What's a knot—and what's not—in genomic mapping
While DNA sequencing provides precise, nucleotide-by-nucleotide genomic information, genome mapping provides a bigger-picture perspective of sequenced DNA that can provide valuable structural information. Like mapping roads to depict a city's structural information without needing to detail each home or business, genome mapping can be a powerful tool for understanding variations of large pieces of rearranged or altered DNA.
More technically, genome mapping is used to obtain large-scale genomic information with a resolution of around 2000 base pairs (bp), as opposed to the single-base resolution of sequencing. Genome mapping complements DNA sequencing, offering insight into huge, intact molecules between 150,000 and 1 million bp in length. Obtaining measurements of such large segments is not without its challenges, but new research into the physics of nanochannel mapping published this week in the journal Biomicrofluidics, may help overcome a (literal) knot in the process and advance genome mapping technology.
A team of researchers from the University of Minnesota partnered with BioNano Genomics, a company commercializing genome mapping in nanochannels, to understand the basic physics that underlies the mapping, and use that understanding to improve the technology. BioNano Genomics maps genomes by encoding DNA with sequence-specific, fluorescent labels before injecting it into nanochannels that cause the molecule to stretch out. The structural mapping information is read from the stretched DNA.
DNA knots, however, would put a kink in this method as the molecular tangle could be read incorrectly as a structural variation in the genome sequence. To better understand these nanoknots, the group uses computer simulations to model nanochannel configurations of DNA and compares the predictions to measurement-based characterizations.

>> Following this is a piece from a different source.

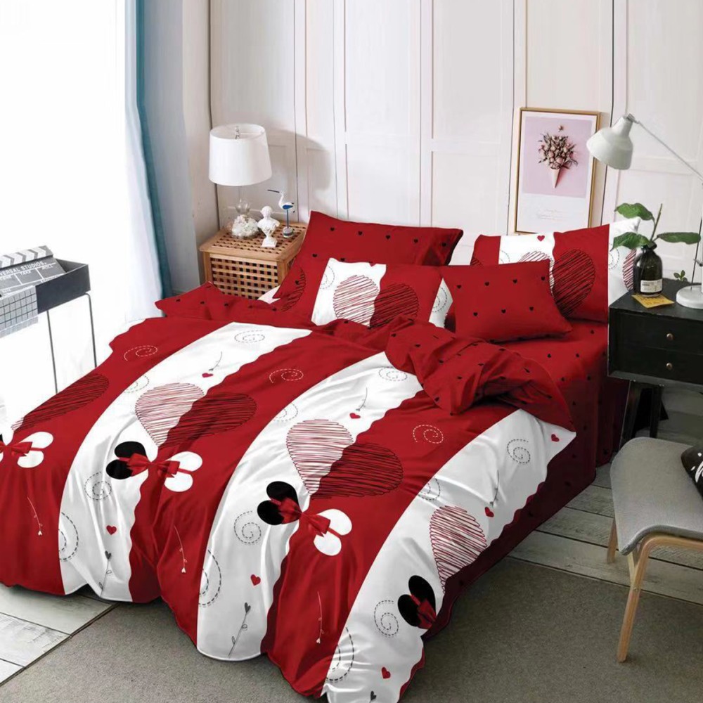 Lenjerie pat dublu, Ralex Pucioasa, Finet, 6 piese, Alb-Rosu, inimioare, dungi, fundite, cod produs: RXF13

"We looked at the probability that the DNA would form a knot inside the channel and predicted the size of the knots," said Kevin Dorfman, a member of the research team and lead author of the work. "This is important in mapping because knots could be incorrectly characterized as changes in DNA sequence structure when, in fact, they are just rearrangements of the DNA within the channel."
This line of research posed several challenges. The probability of forming knots is very low, and the molecules used in genome mapping are very large, requiring the team to come up with a computational pipeline capable of simulating this system at both the resolution of the knots as well as the DNA segment as a whole.

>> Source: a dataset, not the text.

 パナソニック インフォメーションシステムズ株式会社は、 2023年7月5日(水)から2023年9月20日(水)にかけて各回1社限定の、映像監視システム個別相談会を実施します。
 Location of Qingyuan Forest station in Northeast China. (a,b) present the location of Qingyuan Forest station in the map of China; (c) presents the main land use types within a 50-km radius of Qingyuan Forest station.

"Previous work on DNA knotting in these types of nanochannels looked at molecules that were almost an order of magnitude smaller than the ones in our study," Dorfman said. Another challenge the team faced was handling the terabytes of data from the millions of DNA chains that were generated to get meaningful statistics.
The goal of this research was to see whether or not the model's predictions of knotting were consistent with bright spots observed during experiments that could be knots on the DNA molecule.
"We found that experimental results are not consistent with equilibrium statistical mechanics, meaning that the knots in the experiments may not actually be knots—while the way the data were processed in the experiments suggests many potential knotting events, we cannot definitively identify these events as knots," Dorfman said.
To address the discrepancy between experiments and simulations, the group will have to return to experiments, collecting dynamic data from the movement of the knots.
"The dynamic information can give us very important insights about the structure of the DNA in the channel, and potentially allow us to tell if the knots are, indeed, knots," Dorfman said.
Since knot formation is very rare, acquiring huge data sets, screening them to locate possibly knotted DNA, then analyzing those DNA molecules in detail is necessary.
The work did reveal, however, that these knots are not an intrinsic problem in genome mapping. If knot formation was frequent, this would make the processing of genome mapping data much more challenging. If the apparent knots in the experiments come from some other sources, then they can be removed by changing other parts of the experimental protocol.